I do agree with these points in my situation. I don't actually care for speed or having generated snippets for unfamiliar domains. Coding for me has always be about learning. Whether I'm building out a new feature or solving a bug, programming is always a learning experience. The goal is to bring forth a solution that a computer can then perform, but in the process you learn about how and more importantly why you should solve a problem.

The concept of why can get nebulous in a corporate setting, but it's nevertheless fun to explore.
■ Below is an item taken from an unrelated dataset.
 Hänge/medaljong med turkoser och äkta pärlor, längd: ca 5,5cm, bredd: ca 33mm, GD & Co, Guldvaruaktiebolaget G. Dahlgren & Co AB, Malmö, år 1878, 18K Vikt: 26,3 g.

At the end of the day, someone have a problem and you're the one getting the computer to solve it. The process of getting there is fun in a way that you learn about what irks someone else (or yourself).

Thinking about the problem and its solution can be augmented with computers (I'm not remembering Go Standard Library). But computers are simple machines with very complex abstractions built on top of them. The thrill is in thinking in terms of two worlds, the real one where the problem occurs and the computing one where the solution will come forth. The analogy may be more understandable to someone who've learned two or more languages and think about the nuances between using them to depict the same reality.
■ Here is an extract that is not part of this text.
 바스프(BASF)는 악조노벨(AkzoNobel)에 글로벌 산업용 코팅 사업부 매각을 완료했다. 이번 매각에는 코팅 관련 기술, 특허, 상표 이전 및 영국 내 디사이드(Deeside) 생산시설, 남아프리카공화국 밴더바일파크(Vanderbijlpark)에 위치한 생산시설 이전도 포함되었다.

Same as the TFA, I'm spending most of my time manipulating a mental model of the solution. When I get to code is just a translation. But the mental model is difuse, so getting it written gives it a firmer existence. LLMs generation is mostly disrupting the process. The only way they help really is a more pliable form of Stack Overflow, but I've only used Stack Overflow as human-authored annotations of the official docs.

bilalq · 2h ago

I've found "agents" to be an utter disappointment in their current state. You can never trust what they've done and need to spend so much time verifying their solution that you may as well have just done it yourself in the first place.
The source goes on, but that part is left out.